Give Kalikow, Lapp and Reuter a Break

Katherine N. Lapp has left her job as head of the MTA, Peter Kalikow will soon depart as head of the MTA Board, and Larry Reuter is moving on as head of New York City Transit. Lots of New Yorkers are bound to say good riddance, but mass transit is something I happen to know a good deal about, and I know better. The three are blamed for rising fares, service cuts, a three-day strike, and an upcoming fiscal crisis, because they happened to be around when the bills for past shortsighted decisions came due. Meanwhile, the people who made those decisions, and those who benefited from them, fail to take responsibility for their actions. As long as the public lacks the mental ability to connect problems in the present with decisions made in the past, the political class will always be tempted to sell out the future for the present. It isn’t these “villains” I blame for the ongoing financial problems at the MTA in the face of record ridership. It is past “heroes” who are actually to blame, some of whom are running for President.

Reuter may not have been the genius-hero that David Gunn was, but he was a good manager. I worked a couple of years at NYCT under both, in each case far from the executive suite, and I saw improvement under both. More controversial is the role of Kalikow and Lapp.

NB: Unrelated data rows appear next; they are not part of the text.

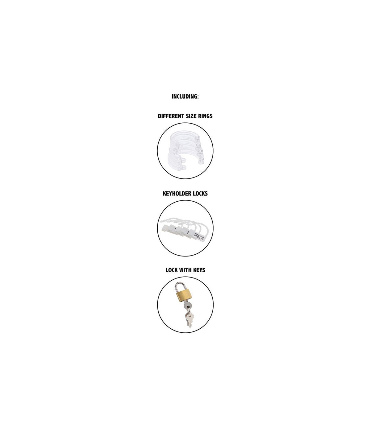 Su mecanismo de bloqueo seguro garantiza seguridad y discreción, mientras que el ajuste ajustable se adapta a la mayoría de los tamaños de pene. El diseño elegante permite un uso discreto bajo la ropa y durante las rutinas diarias. Fabricado en acrílico duradero, garantiza comodidad premium y uso durante todo el día.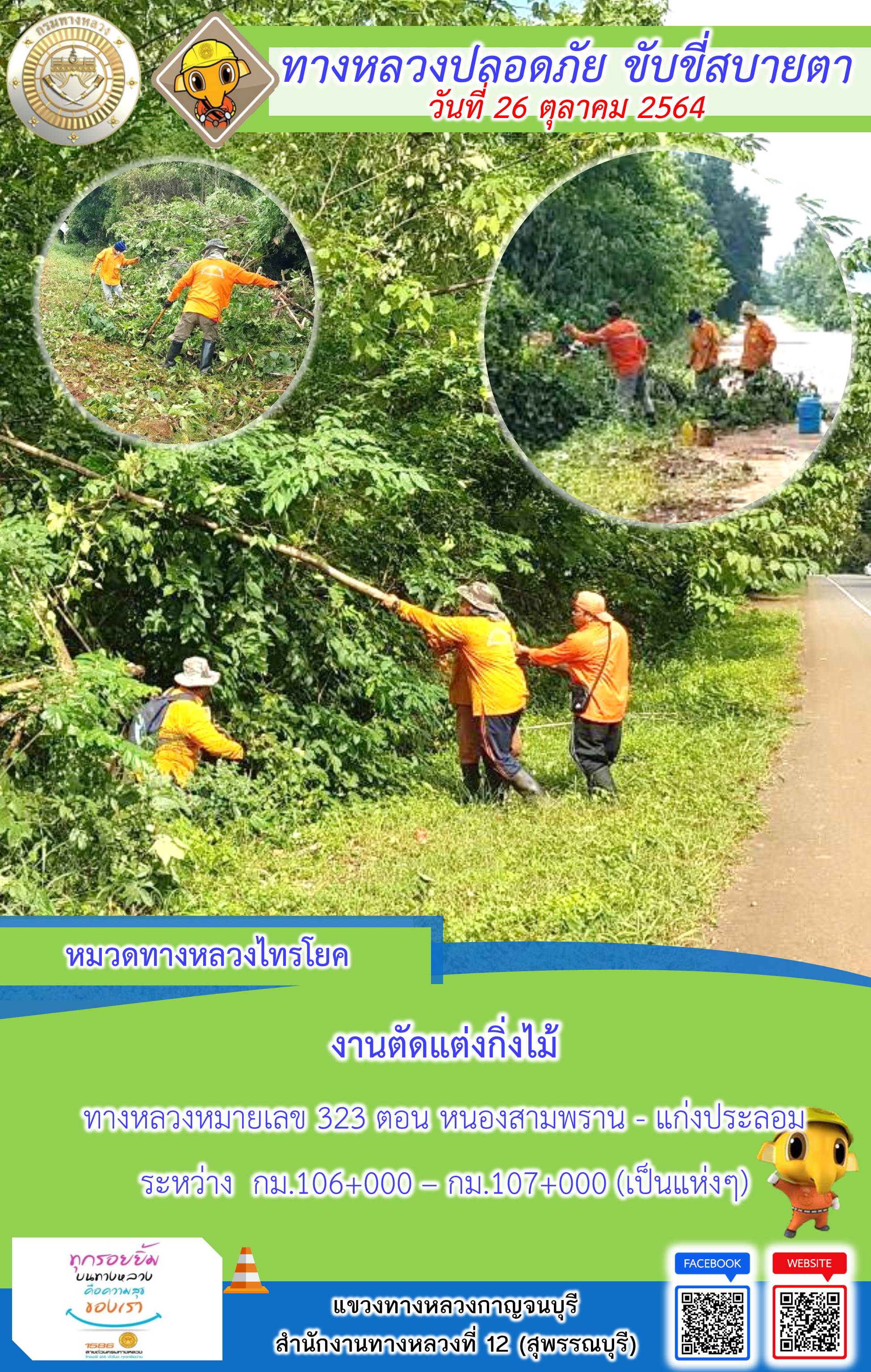แขวงทางหลวงกาญจนบุรี โดยหมวดทางหลวงในสังกัดและงานอำนวยความปลอดภัย ปฏิบัติงาน ประจำวันที่ 26 ต.ค. 2564 #กรมทางหลวง #สายด่วนกรมทางหลวง1586 #แขวงทางหลวงกาญจนบุรี โทร 034-520-598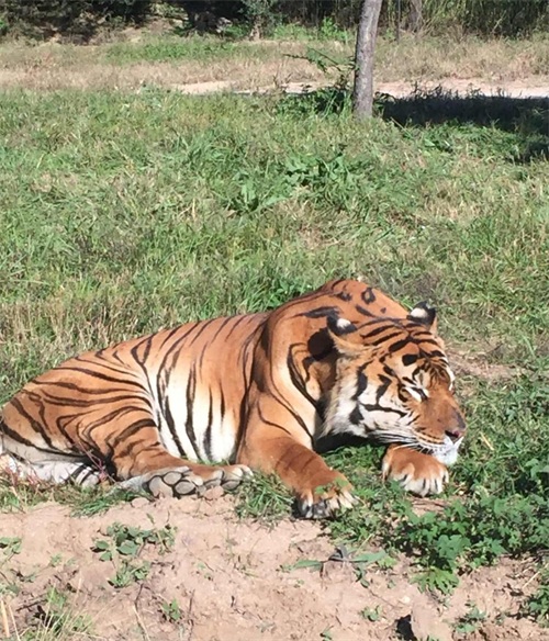 这个时候,野生动物园的工作人员终于赶到了现场,赶忙拿起叉子和棍棒驱赶老虎,在几个人的合力制服下,老虎才松开了口跑向了草丛深处。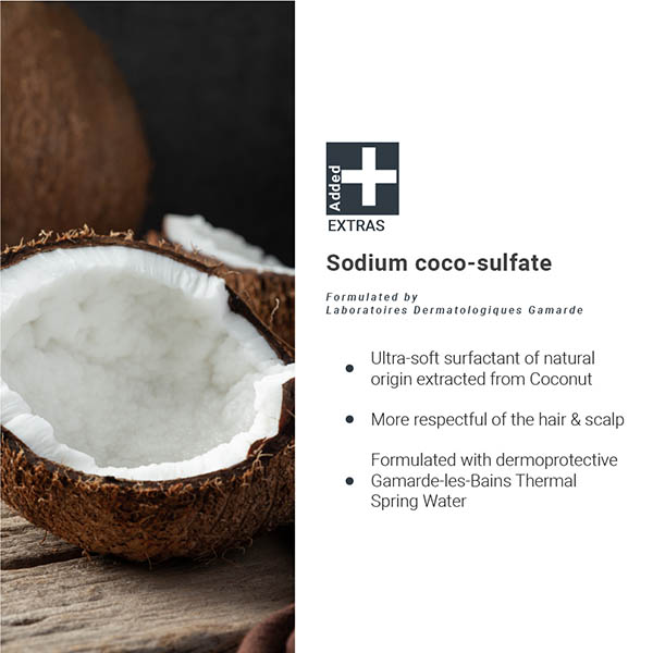 Formulated with a ultra-soft surfactant of natural origin derived from coconut. Respectful of the hair and scalp.

As I wrote earlier, the MTA is being forced to restrain services in part because it has accumulated huge debts. And it has accumulated huge debts in part because Mario Cuomo and David Dinkins in a budget crisis to avoid raising taxes and deeper spending cuts, and George Pataki and Rudy Giuliani in better times to become popular through tax cuts and more spending elsewhere, cut off city and state funds for the MTA Capital program. And who didn’t object to this? Kalikow’s predecessor and Pataki crony Virgil Conway, that’s who. He helped his boss by keeping a discussion of the future consequences of these actions off the table. In contrast, Kalikow and Lapp were up front about the effect of past decisions on the present, and even said that riders ought to pay enough to keep up with inflation, but should not be made to suffer for past debts. In doing so they were all but blasting the past decisions of their boss Pataki, without credit.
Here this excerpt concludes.